“Tolong persiapkan peti mati dan
pemakaman secepatnya untukku.”
Bodoh, ucapan
macam apa itu. Hamidah, perempuan baik-baik berusia 20 tahun tiba-tiba
memutusan untuk mati. Anehnya dia menentukan cara dan tanggal matinya dengan
bantuan dan dukungan teman-teman terdekatnya. Sungguh hal yang aneh dan tidak
masuk akal. Di luar sana banyak orang yang mati-matian hanya untuk bisa hidup
sementara dia memutuskan untuk mati dengan seenaknya. Apa dia pikir perkara
hidup dan mati merupakan hal yang sepele.
“Dia tidak bisa
ditemui sekarang, kondisinya sedang tidak bagus dan tidak memungkinkan.”
“Apa aku harus
menemuinya setelah dia meninggal?Bodoh, aku harus menemuinya sekarang juga,
harus sekarang.Kau yakin dia serius untuk mati?Apa kau yakin dia tidak sedang
bercanda?
“Tidak ko, dia
beneran ingin mati. Semua ini terjadi sejak temen
lamanya memutuskan untuk menikah dan menetap di London, di kota yang sangat
Midah sukai”
“Iya, semua ini
ia lakukan untuk menunjukkan ketegarannya”.Demikian kata kedua temen dekatnya
dengan sangat berapi-api.Anehnya tidak ada penyesalan sedikitpun di wajah
mereka.
Ketegaran? Sejak
kapan ketegaran ditunjukkan dengan cara mati?

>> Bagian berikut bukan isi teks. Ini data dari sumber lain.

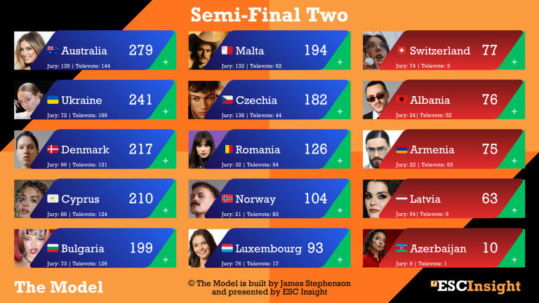 Όσο για την Κύπρο, το «The Model» τη δείχνει κι αυτή στις χώρες του Β’ Ημιτελικού, που καταφέρνουν να προκριθούν. Με την Antigoni να περνά κι αυτή τέταρτη, μετά την Αυστραλία, την Ουκρανία και τη Δανία, ενώ ακολουθούν η Βουλγαρία, η Μάλτα, η Τσεχία, η Ρουμανία, η Νορβηγία και το Λουξεμβούργο. Εκτός Τελικού εδώ φαίνεται να μένουν Ελβετία, Αλβανία, Αρμενία, Λετονία και Αζερμπαϊτζάν.

Ini sangat konyol.Sekarang juga
aku harus bertemu dengannya.
Aku bergegas
menuju rumahnya dan menghiraukan kedua mahluk aneh yang masih ingin meneruskan
cerita dengan wajah bersemangat.
Lagi-lagi aku
dihadapkan pada kegilaan.Rumah Midah dipenuhi orang berpakaian gelap layaknya
pakaian pelayat yang sedang berkabung dan terlihat bendera kuning yang berkibar
gontai tidak jauh dari halaman rumahnya.Ya Tuhan, jangan-jangan dia sudah
meninggal.Terasa beberapa bulir airmata mengalir lemah.
Di teras
rumahnya terlihat segerombol ibu-ibu lengkap dengan gorengan dan teh manis
menemani obrolan mereka. Aku segan memasuki rumahnya.Sekilas terdengar obrolan
ibu-ibu mengenai betapa luar biasanya sosok Hamidah yang memutuskan untuk
meninggal dan menunjukkan ketegarannya.Tidak ada satupun dari mereka yang
menyatakan tindakan Midah bodoh. Malah beberapa dari mereka mulai menyesali
karena tidak memiliki keberanian untuk mati di usia muda mereka dulu. Kakiku
mendadak lemah dan tidak mampu menopang tubuhku. Aku bersandar pada sebuah pohon yang entah pohon apa.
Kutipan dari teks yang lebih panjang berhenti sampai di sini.